METEOROLOGICAL STATION SPECIFICATIONS
Hardware:	Davis Vantage Pro2 Plus
Software:	Davis Vantage Pro2 Plus (Wireless)
Coordinates:	3°26′39″S, 79°59′38″O
Elevation:	20m
SOLAR RADIATION
Device:	Solar radiation sensor: Apogee Pyranometer SP-110
Calibration:	5000W/m2 per V_manufacturer calibration
Resolution:	1 W/m2
Range:	0-1800 W/m2
Accuracy:	5%
Cosine Response:	+/‒ 3% for angles 0-75°
Uncertainties:	+/‒ 1%
AIR TEMPERATURE
Device:	Integrated Sensor Suite (ISS) in Davis Vantage Pro2 Plus
Calibration:	manufacturer calibration
Resolution:	0.1 °C
Range:	‒40 °C-65 °C
Accuracy:	0.5 °C
Uncertainties:	+/‒ 0.5 °C
HUMIDITY
Device:	Integrated Sensor Suite (ISS) in Davis Vantage Pro2 Plus
Calibration:	manufacturer calibration
Resolution:	1%
Range:	1–100%
Accuracy:	3–4% above 90%
Uncertainties:	3–4%
DEW POINT
Device:	Integrated Sensor Suite(ISS)/Hum Station in Davis Vantage Pro2 Plus
Calibration:	manufacturer calibration
Resolution:	0.1 °C
Range:	−76 °C to + 54 °C
Accuracy:	1.5 °C
Uncertainties:	+/− 1.5 °C
RAINFALL
Device:	Tipping-bucket rain collector in ISS in Davis Vantage Pro2 Plus
Calibration:	0.01″ rainfall increment or 0.2 mm _ manufacturer calibration
Resolution:	0.2 mm
Range:	0.2 mm to 999.8 mm (daily)
Accuracy:	4%
Uncertainties:	+/− 1 mm (rain rate)
AIR VELOCITY
Device:	Anemometer, Integrated Sensor Suite in Davis Vantage Pro2 Plus
Calibration:	manufacturer calibration
Resolution:	1 km/h
Range:	3–322 km/h
Accuracy:	3 km/h
Uncertainties:	+/− 5%
WIND DIRECTION
Device:	Anemometer, Integrated Sensor Suite in Davis Vantage Pro2 Plus
Calibration:	manufacturer calibration
Resolution:	1°
Range:	0–360°
Accuracy:	3°
Uncertainties:	+/−5%

These technical specifications are detailed in [4]

In regards to the additional measurements: cloud cover and sky temperature, these data were collected in intervals of 2 hours. The graphical changes shown in Figs. 2 and 3 about these parameters are conditioned by the time interval used in measuring it.

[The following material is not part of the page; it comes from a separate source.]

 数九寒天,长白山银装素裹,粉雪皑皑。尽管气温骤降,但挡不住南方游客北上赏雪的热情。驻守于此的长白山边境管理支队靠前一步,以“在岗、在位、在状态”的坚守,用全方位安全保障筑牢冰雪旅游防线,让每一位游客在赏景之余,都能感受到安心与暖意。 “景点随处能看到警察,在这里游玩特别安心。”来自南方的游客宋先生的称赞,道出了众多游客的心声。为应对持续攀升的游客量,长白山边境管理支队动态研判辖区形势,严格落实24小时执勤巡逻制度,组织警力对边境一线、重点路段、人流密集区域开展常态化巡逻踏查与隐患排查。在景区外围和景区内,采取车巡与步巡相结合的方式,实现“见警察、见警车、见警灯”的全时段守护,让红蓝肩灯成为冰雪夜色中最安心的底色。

The process carried out to measure the cloud cover parameter was visual observation. This process consists in dividing the sky vault into equal quadrants, then, an approximation of percentage of the sky of each quadrant was made. By the last, the four percentages obtained were averaged. The unit used for the information collected was the tenths. This process was supported with a photographic base made simultaneously, see Fig. 4.

Fig. 4.

Process of cloud cover measurements: division of the sky vault in equal quadrants (left) and images of each quadrant in October 10th at 13h00 (right).

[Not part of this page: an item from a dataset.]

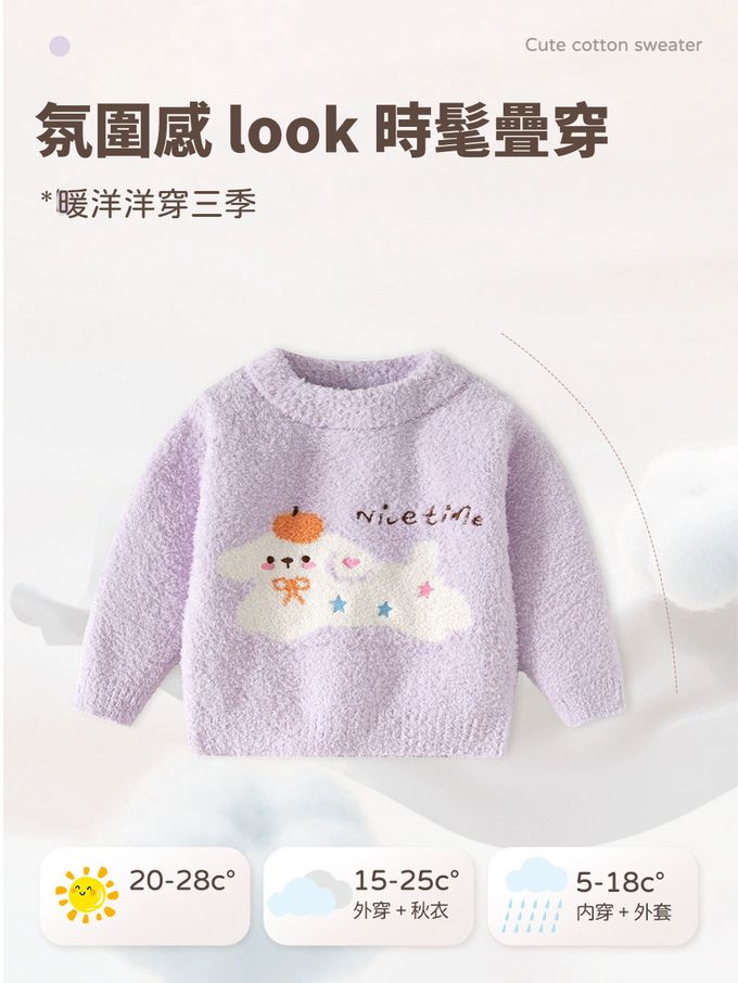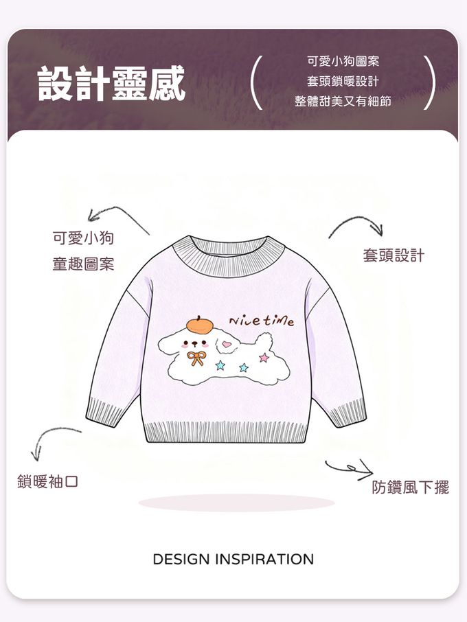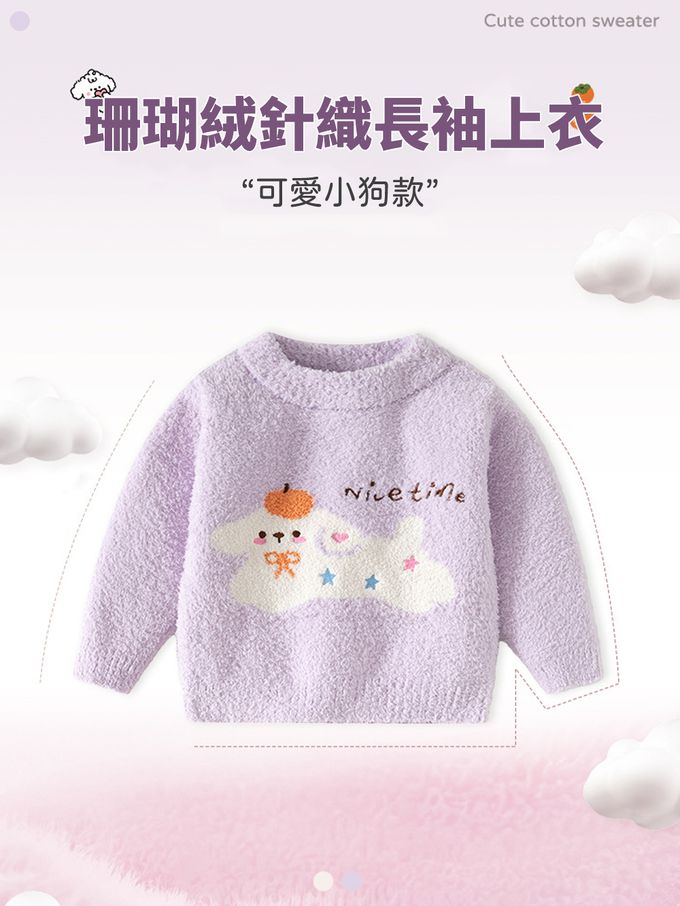 珊瑚絨針織長袖上衣-可愛小狗-紫色

With respect to sky temperature measurements, due to the fact that the sky is not isotropic, its thermal behavior was described through the measurements of its temperature in different points of the sky vault. These measurements were taken from the skyline to the zenith, and they were averaged to obtain one sky temperature, which is the value shown in this article (Tsky). The equipment used for these measurements was an infrared thermometer TESTO 830 T4 with the following technical specifications.

Device:	Non-contact Infrared Thermometer 830 T4
Measurement:	2 pointing lasers, 30:1 lens
Calibration:	emissivity 0.90
Resolution:	0.1 °C
Range:	−30 to + 400 °C
Accuracy:	1%
Emissivity:	0.1–1.0 (Adjustable)
Spectral range:	8–14 um
Uncertainties:	+/‒ 1.5 °C (‒20 to 0 °C); +/‒ 2 °C (‒20 to 0 °C); +/‒ 1 °C of m.v.(remaining range)

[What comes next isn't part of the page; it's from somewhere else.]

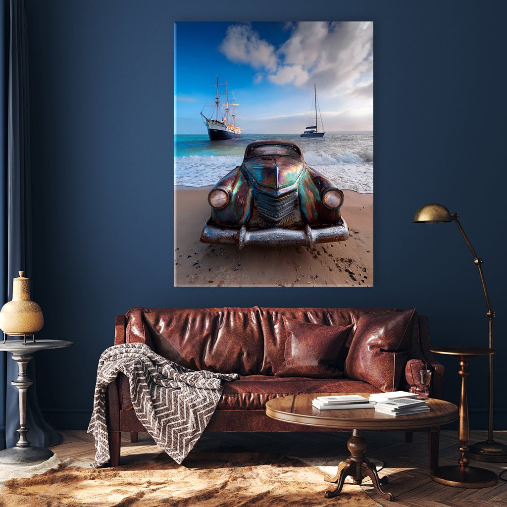 A rusty, old car sits in the sand on the shore, its headlights directed toward the viewer. In the background, the sea stretches out under a blue sky with scattered clouds. Two sailing ships can be seen on the water, one a traditional sailing ship and the other a modern sailing yacht.

These technical specifications are detailed in [5]

Ethics Statement

The work does not involve the subject of humans, animals, or data from social media platforms.

CRediT authorship contribution statement

Jefferson Torres-Quezada: Conceptualization, Methodology, Investigation. Helena Coch: Writing – original draft, Supervision. Antonio Isalgué: Writing – original draft, Supervision.

Declaration of Competing Interest

The authors declare that they have no known competing financial interests or personal relationships which have or could be perceived to have influenced the work reported in this article.